**Data for this task**
------------------------------------------------

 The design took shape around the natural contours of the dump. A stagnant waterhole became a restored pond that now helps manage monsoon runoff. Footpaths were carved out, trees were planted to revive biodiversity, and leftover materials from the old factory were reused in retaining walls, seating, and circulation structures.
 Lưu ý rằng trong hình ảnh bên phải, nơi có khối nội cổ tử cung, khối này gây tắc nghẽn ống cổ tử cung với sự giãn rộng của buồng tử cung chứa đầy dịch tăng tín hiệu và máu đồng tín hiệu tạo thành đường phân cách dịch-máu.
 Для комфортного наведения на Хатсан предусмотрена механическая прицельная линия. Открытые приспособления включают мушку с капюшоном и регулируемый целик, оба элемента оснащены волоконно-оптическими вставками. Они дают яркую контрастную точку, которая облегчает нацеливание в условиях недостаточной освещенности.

------------------------------------------------

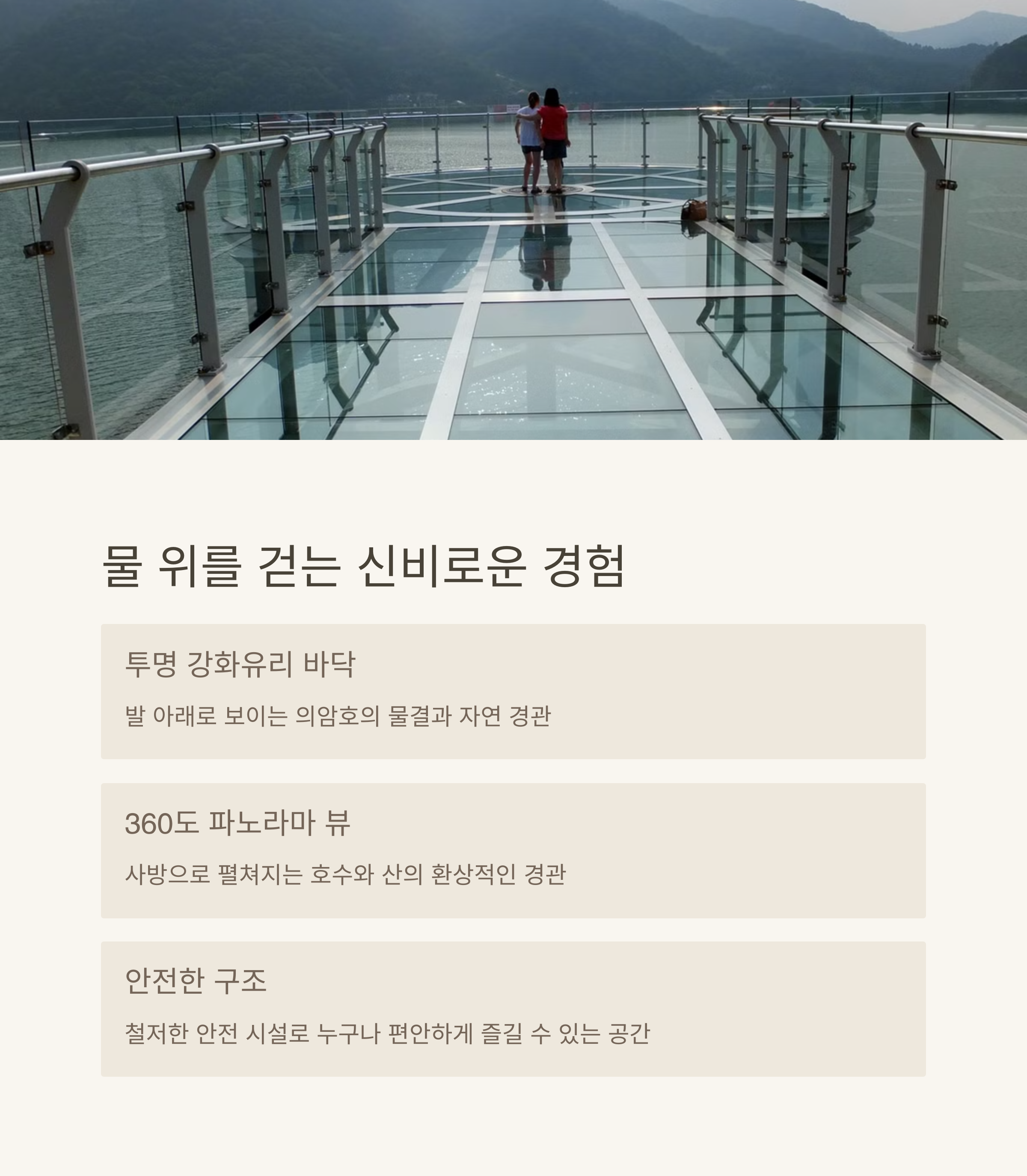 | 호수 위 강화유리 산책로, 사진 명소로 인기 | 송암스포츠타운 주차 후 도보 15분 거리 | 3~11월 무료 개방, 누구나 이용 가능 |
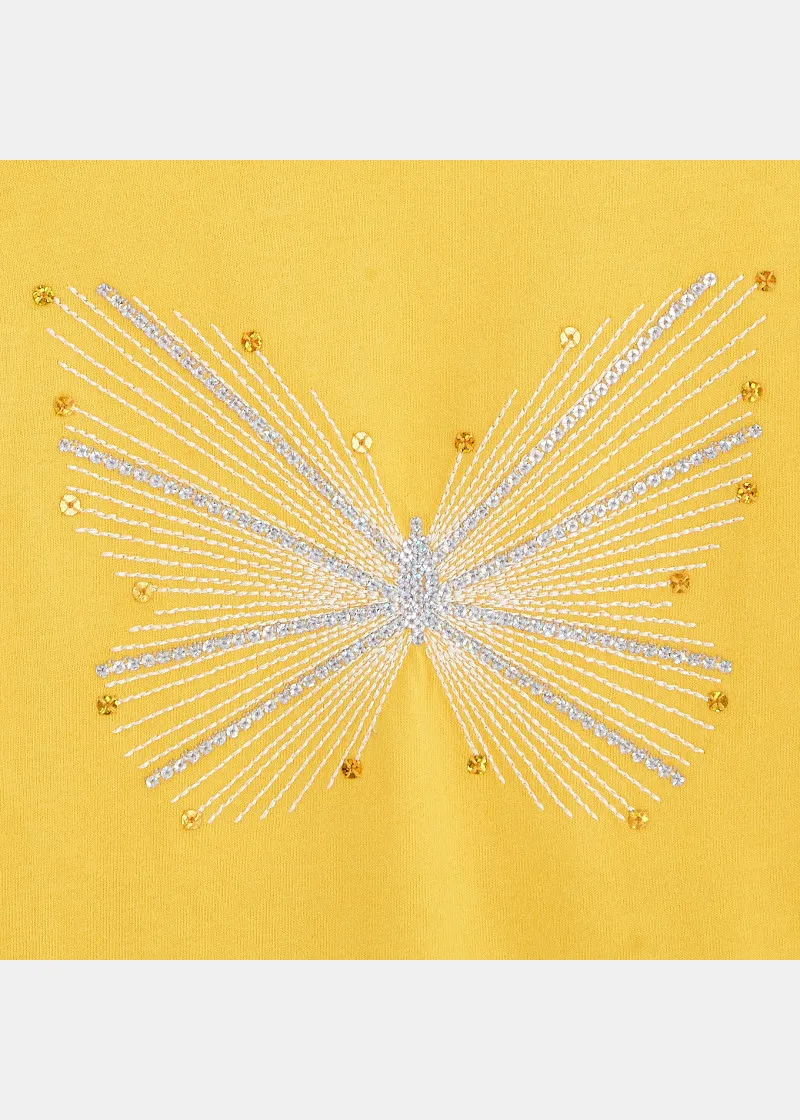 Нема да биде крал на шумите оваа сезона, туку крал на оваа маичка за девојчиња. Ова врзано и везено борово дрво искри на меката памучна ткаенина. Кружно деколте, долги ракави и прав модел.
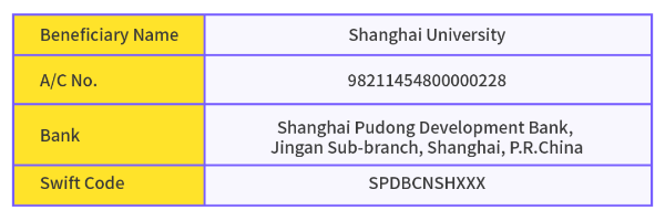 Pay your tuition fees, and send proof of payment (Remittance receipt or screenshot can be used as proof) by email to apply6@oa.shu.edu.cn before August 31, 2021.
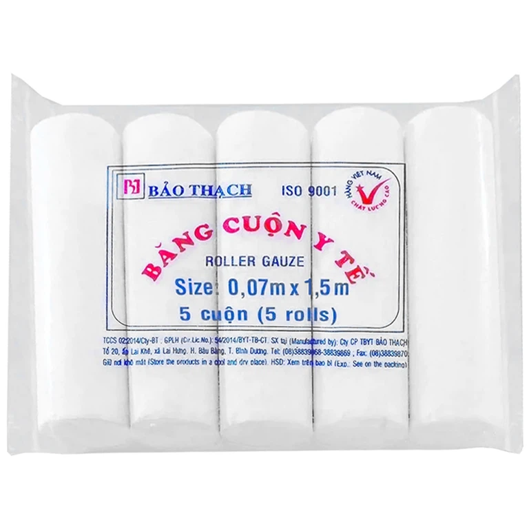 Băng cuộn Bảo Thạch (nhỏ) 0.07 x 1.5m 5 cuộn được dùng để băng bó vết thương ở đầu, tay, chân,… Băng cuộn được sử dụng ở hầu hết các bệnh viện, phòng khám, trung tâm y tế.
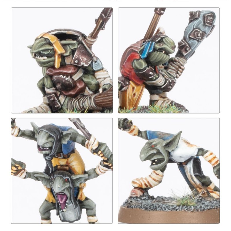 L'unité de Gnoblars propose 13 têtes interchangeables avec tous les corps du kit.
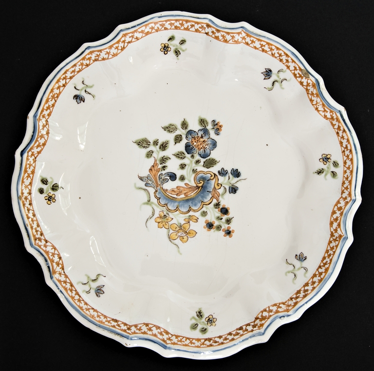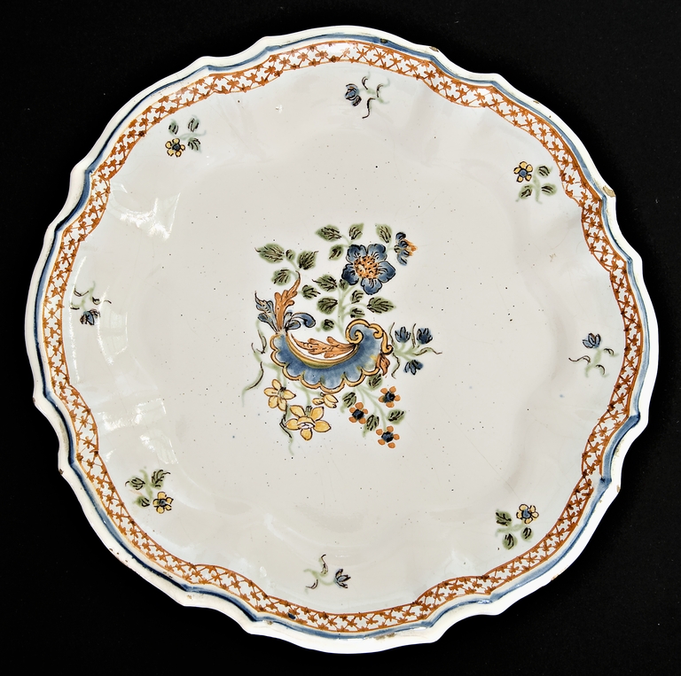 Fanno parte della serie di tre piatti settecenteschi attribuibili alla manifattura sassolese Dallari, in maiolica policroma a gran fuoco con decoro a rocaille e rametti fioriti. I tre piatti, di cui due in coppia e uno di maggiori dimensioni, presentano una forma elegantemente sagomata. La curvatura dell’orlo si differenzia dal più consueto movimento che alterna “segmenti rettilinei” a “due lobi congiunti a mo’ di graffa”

------------------------------------------------

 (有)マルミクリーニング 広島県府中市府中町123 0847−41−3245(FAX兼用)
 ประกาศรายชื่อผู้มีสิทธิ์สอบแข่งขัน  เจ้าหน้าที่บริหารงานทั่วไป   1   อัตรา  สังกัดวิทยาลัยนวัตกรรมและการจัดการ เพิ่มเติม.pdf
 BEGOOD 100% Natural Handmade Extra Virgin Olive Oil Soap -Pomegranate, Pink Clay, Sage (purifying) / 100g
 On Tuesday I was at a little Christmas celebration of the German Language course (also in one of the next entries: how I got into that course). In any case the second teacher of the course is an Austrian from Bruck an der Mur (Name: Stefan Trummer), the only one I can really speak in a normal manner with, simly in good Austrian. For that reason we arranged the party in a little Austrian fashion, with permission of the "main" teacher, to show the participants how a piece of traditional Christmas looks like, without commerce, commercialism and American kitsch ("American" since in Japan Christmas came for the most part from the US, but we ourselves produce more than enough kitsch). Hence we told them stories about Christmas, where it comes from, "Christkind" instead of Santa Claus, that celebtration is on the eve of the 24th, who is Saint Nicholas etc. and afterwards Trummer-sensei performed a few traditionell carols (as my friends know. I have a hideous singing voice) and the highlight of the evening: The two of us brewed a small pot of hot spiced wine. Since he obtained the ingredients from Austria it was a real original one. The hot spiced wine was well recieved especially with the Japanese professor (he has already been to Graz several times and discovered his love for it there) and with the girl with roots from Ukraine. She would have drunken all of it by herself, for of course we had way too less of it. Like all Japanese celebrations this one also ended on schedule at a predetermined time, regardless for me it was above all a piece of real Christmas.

------------------------------------------------

**Your task**
Repeat only the stretch of data above that runs from the line with "Băng cuộn Bảo" to the line with "L'unité de Gnoblars". Keep both end lines; exclude pictures.

**Your response**
 Băng cuộn Bảo Thạch (nhỏ) 0.07 x 1.5m 5 cuộn được dùng để băng bó vết thương ở đầu, tay, chân,… Băng cuộn được sử dụng ở hầu hết các bệnh viện, phòng khám, trung tâm y tế.
 L'unité de Gnoblars propose 13 têtes interchangeables avec tous les corps du kit.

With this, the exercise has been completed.